I don’t know about you, but I can scarcely imagine how I would function in this situation. It makes me ashamed of all the material things I take for granted, of the minor inconveniences and challenges in my life that I complain about. More fundamentally, it makes me embarrassed for my lack of faith, the thinness of my life in Christ. I call myself a believer – what do I even begin to know, compared to this woman and her family, to those to whom they minister?

 This woman has a name; it is Mother Mary Tusuubira. Tusuubira means “hope.” I know of her through John and Fernanda Harrington, who met her 15 years ago and have kept in touch since, visiting her in her congregations in Waltham and Lowell. I hope Mother Mary can arrange to be with us at Holy Cross some day before too long, and that we can become involved in supporting her ministries.

We read a lot about how Christianity is dying in America and Europe, congregations dwindling, churches empty on Sundays. And how in Africa, it is just the opposite. Uganda is the most Anglican nation on earth now. The very persecution that Christians suffered when Mother Mary was young has given life to the Church there, proving once again the words of the second century Christian apologist Tertullian that “the blood of the martyrs is the seed of the Church.”

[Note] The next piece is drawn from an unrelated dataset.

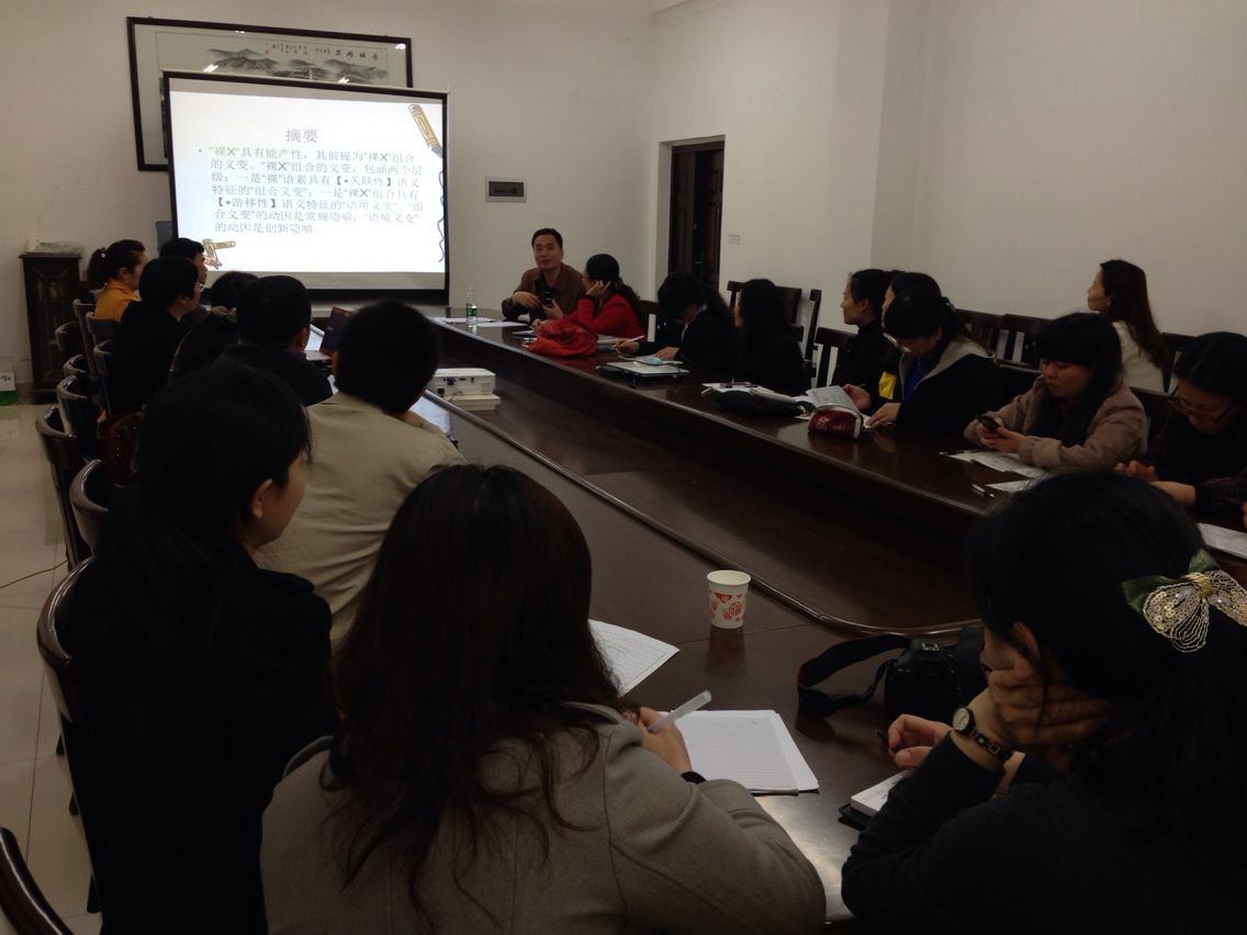 首先,语言学教研室的肖素英副教授做了个简短的学术讲座,讲座的题目是:双音节偏正式“裸X”组合的义变及其动因。肖老师认为“裸X”的能产性是以“裸X”组合的义变为前提的;“裸X”组合的义变由两个层级组成,一是“裸”语素具有【+关联性】语义特征的“组合义变”,二是“裸X”组合具有【+游移性】语义特征的“语境义变”;“组合义变”的动因是常规隐喻,“语境义变”的动因是创新隐喻。

Hearing Mother Mary write or speak helps one understand the contrast between faith in western cultures like our own and faith in places like Africa. Almost every sentence Mother Mary utters refers to the Lord and his blessings. She sees God’s hand at work in everything that comes to pass. She understands her life, and the lives of her family, as a mission for Christ. She knows the Lord is with her as she faces her challenges. In a letter she wrote me, words like love, hope, embrace, care, welcome, pray, faithful, testify and build up overflow from every page.

It must have been that way with the prophet Zephaniah, rallying the people of Judah to pull their nation out of a period of moral and political decay:

Do not fear, O Zion; do not let your hands grow weak. The Lord, your God, is in your midst, a warrior who gives victory; he will rejoice over you with gladness, he will renew you with his love; he will exult over you with loud singing as on a day of festival.

It must have been that way with John the Baptist, proclaiming the “good news” of the coming of a Messiah who would “baptize with the Holy Spirit and fire,” bringing righteousness and justice to earth. It must have been that way with St. Paul, telling the struggling little Christian congregation in Philippi to “rejoice in the Lord always” and not to “worry about anything, but in everything by prayer and supplication with thanksgiving let your requests be made known to God.”

For the great revelation in all of this, my friends and fellow beneficiaries of a spoiled and comfortable life, is that true joy and peace are not about us, not about building up our success and security. The peace that passes all understanding, the peace that “will guard our hearts and minds in Christ,” is centered on God – on his justice, his judgment, his righteousness, his coming in Jesus Christ. Like the “brood of vipers” who stood on the banks of the Jordan listening to John so long ago, we are called to repent and redirect our lives so that they may be one with the life of Christ, with the life of God. In that we will know true rejoicing.